Moon not quite full– Going across Depot Field – The western sky is now a crescent of saffron inclining to salmon–a little dunnish perhaps. The grass is wet with dew–the evening star has come out but no other– There is no wind– I see a night hawk in the twilight flitting near the ground– I hear the hum of a beetle going by– The greenish fires of lightning bugs are already seen on the meadow– I pass through Hubbardston along the side of a field of oats–which wet one leg. I perceive the smell of a burning far off by the river, which I saw smoking 2 days ago. The moon is laboring in a mackerel cloud and my hopes are with her. Why do I hear no bull frogs yet– Do they ever trump as early and as universally as on that their first evening? I hear the whipper wills on different sides – White flowers alone show much at night–white clover–& white-weed It is commonly still at night as now– The day has gone by with its wind like the wind of a cannon ball–and now far in the west it blows–by that dun colored sky you may track it– There is no motion nor sound in the woods (Hubbards Grove) along which I am walking. The trees stand like great screens against the sky. 

The distant village sounds, are the barking of dogs, that animal with which man has allied himself, and the rattling of wagons– For the farmers have gone into town shopping this Saturday night– The dog is the tamed wolf–as the villager is the tamed savage But here the crickets are heard in the grass chirping from everlasting to everlasting, a mosquito sings near my ear–and the humming of a dawbug drowns all the noise of the village. So roomy is the universe the moon comes out of the mackerel cloud and the traveller rejoices.

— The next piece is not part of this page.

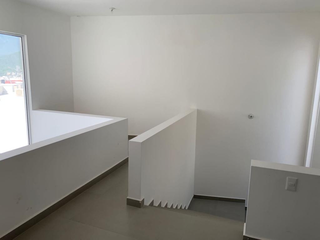Se vende casa nueva estilo contemporáneo en el fraccionamiento Contry Sur, al sur de Monterrey, rumbo a carretera nacional. Es un fraccionamiento con caseta de vigilancia. La casa cuenta con cochera doble con opción de un tercer estacionamiento o una bodeguita, recibidor de doble altura con ventanal, baño de visitas, sala comedor con balcón, cocina abierta, lavandería, cuarto de servicio con baño, pasillo lateral. Cuenta con jardín grande con terraza, aproximadamente de 80 m2. En el segundo nivel tiene estancia familiar, area para escritorio, recámara principal con balcón, clóset y baño, 2 recámaras con clóset y baño cada una. Son 278 m2 de terreno y 370 m2 de construcción.

How can a man write the same thoughts by the light of the moon–resting his book on a rail by the side of a remote potato field–that he does by the light of the sun, on his study table. The light is but a luminousness– My pencil seems to move through a creamy mystic medium – The moonlight is rich & somewhat opaque like cream but The day light is thin & blue like skimmed milk– I am less conscious than in the presence of the sun–my instincts have more influence…

June 17, 1853

in Thoreau’s Journal:

If a man walks in the woods for love of them and [to] see his fellows with impartial eye afar, for half his days, he is esteemed a loafer; but if he spends his whole day as a speculator, shearing off those woods, he is esteemed industrious and enterprising — making earth bald before its time.